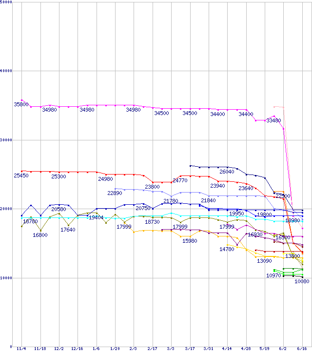 | CPU主要製品(最安値1万円~2万円未満)の最安値推移 | | | (2005年11月4日~2006年6月16日) |
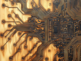 Circuit board woodburn design, intricate electronic pathways burned into wood, technology inspired engraving, handcrafted pyrography wood, pyrography art
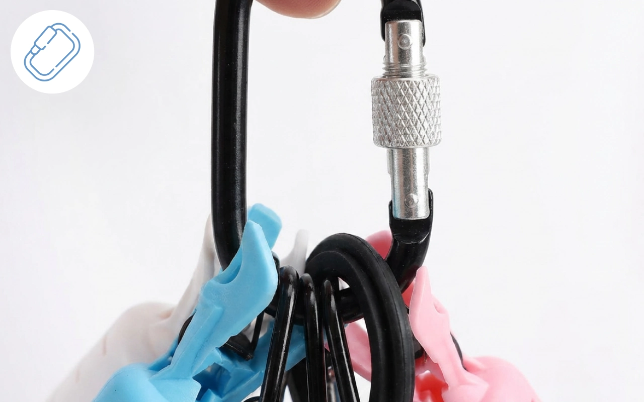Guarda el equipo de pesca de forma ordenada y mantenlo organizado en cada viaje. El mosquetón mantiene todo junto, ahorrando espacio en tu equipo.
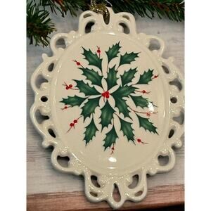 Lenox Holiday Medallion Christmas Ornament Holly Berries Pattern Porcelain 2014
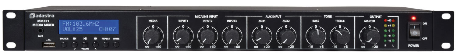- MM321 1U mixer with Bluetooth + USB/FM player
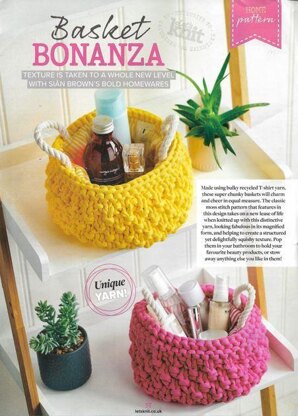 This is a pattern for a chunky basket, shown in two colours. It has a stocking stitch base and double moss stitch side, quick to knit in a super chunky recycled tee shirt yarn. The baskets are lined and have rope handles. This would be fine for a beginner. Photos Lets Knit.
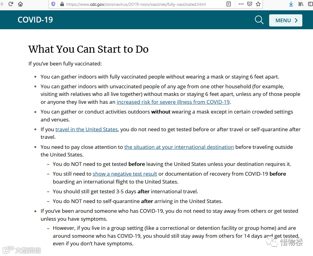 美CDC新指导,完成疫苗接种之后,除了特殊情况之外,户外不用带口罩;接触了新冠病人不用隔离不用检测;室内跟都接种过的人一起,不用带口罩,不用保持安全距离。
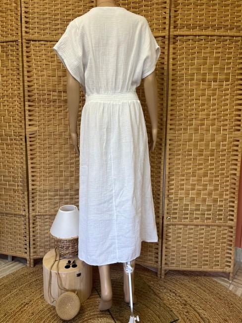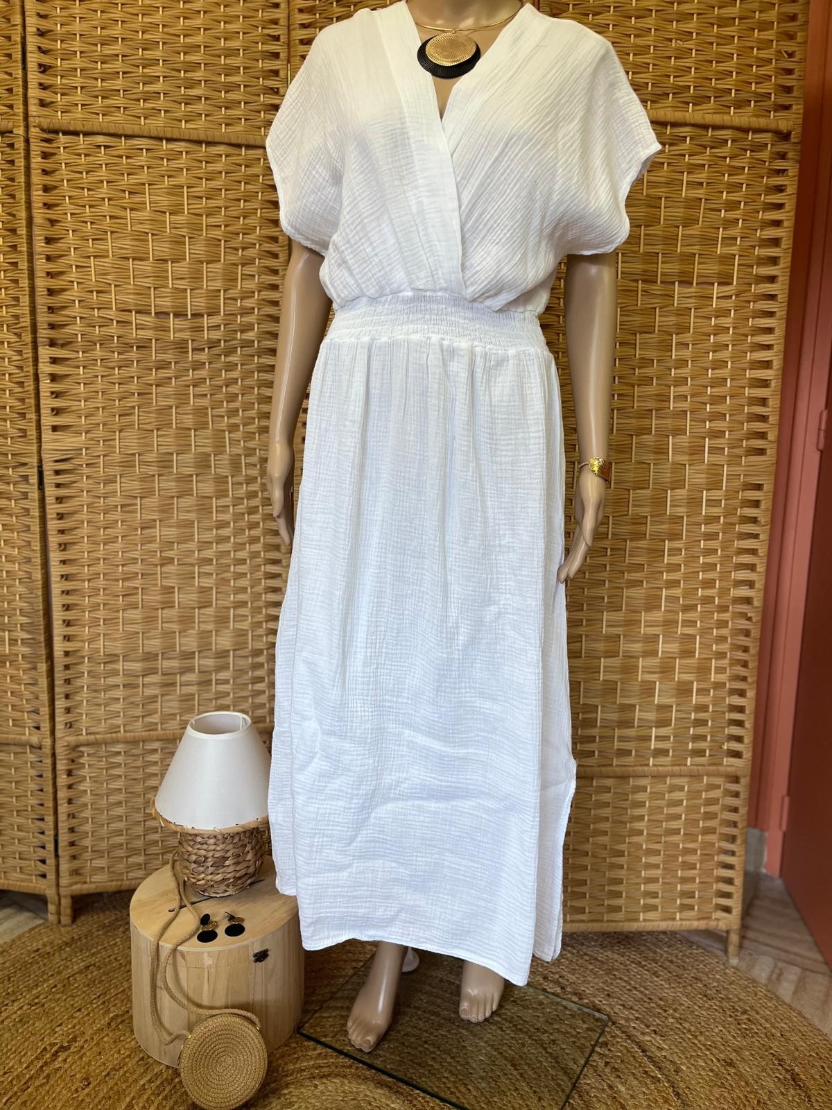 Robe longue gaze de coton - Blanc
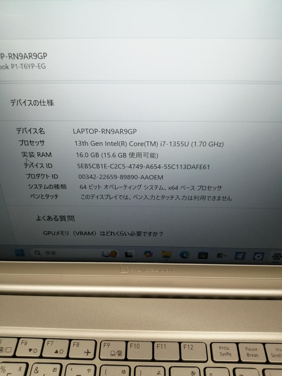 CPU:Corei7-1355U@1.7GHz RAM:16GB(PC5-41600) |
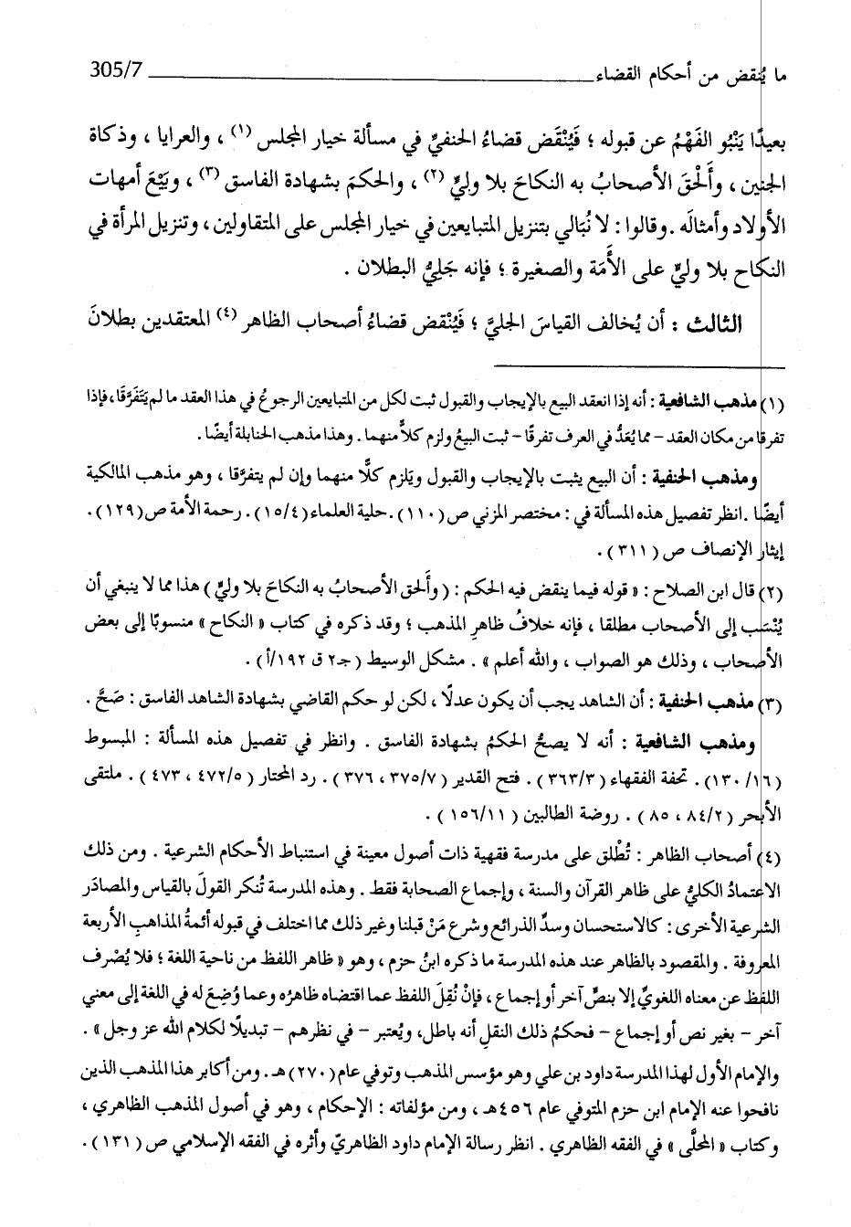 بَعيدا ينبو الْفَهم عَن قبُوله فينقض قَضَاء الْحَنَفِيّ فِي مَسْأَلَة خِيَار الْمجْلس والعرايا وذكاة الْجَنِين وَألْحق الْأَصْحَاب بِهِ النِّكَاح بِلَا ولي وَالْحكم بِشَهَادَة الْفَاسِق وَبيع أُمَّهَات الْأَوْلَاد وَأَمْثَاله وَقَالُوا لَا نبالي بتنزيل الْمُتَبَايعين فِي خِيَار الْمجْلس على المتقاولين وتنزيل الْمَرْأَة فِي النِّكَاح بِلَا ولي على الْأمة وَالصَّغِيرَة فَإِنَّهُ جلي الْبطلَان

****************************************

What you are asked to do: Reproduce the records above exactly, leaving out every picture they contain.

Solution:
 | CPU主要製品(最安値1万円~2万円未満)の最安値推移 | | | (2005年11月4日~2006年6月16日) |
 Circuit board woodburn design, intricate electronic pathways burned into wood, technology inspired engraving, handcrafted pyrography wood, pyrography art
Guarda el equipo de pesca de forma ordenada y mantenlo organizado en cada viaje. El mosquetón mantiene todo junto, ahorrando espacio en tu equipo.
 Lenox Holiday Medallion Christmas Ornament Holly Berries Pattern Porcelain 2014
- MM321 1U mixer with Bluetooth + USB/FM player
 This is a pattern for a chunky basket, shown in two colours. It has a stocking stitch base and double moss stitch side, quick to knit in a super chunky recycled tee shirt yarn. The baskets are lined and have rope handles. This would be fine for a beginner. Photos Lets Knit.
 美CDC新指导,完成疫苗接种之后,除了特殊情况之外,户外不用带口罩;接触了新冠病人不用隔离不用检测;室内跟都接种过的人一起,不用带口罩,不用保持安全距离。
 Robe longue gaze de coton - Blanc
 CPU:Corei7-1355U@1.7GHz RAM:16GB(PC5-41600) |
 بَعيدا ينبو الْفَهم عَن قبُوله فينقض قَضَاء الْحَنَفِيّ فِي مَسْأَلَة خِيَار الْمجْلس والعرايا وذكاة الْجَنِين وَألْحق الْأَصْحَاب بِهِ النِّكَاح بِلَا ولي وَالْحكم بِشَهَادَة الْفَاسِق وَبيع أُمَّهَات الْأَوْلَاد وَأَمْثَاله وَقَالُوا لَا نبالي بتنزيل الْمُتَبَايعين فِي خِيَار الْمجْلس على المتقاولين وتنزيل الْمَرْأَة فِي النِّكَاح بِلَا ولي على الْأمة وَالصَّغِيرَة فَإِنَّهُ جلي الْبطلَان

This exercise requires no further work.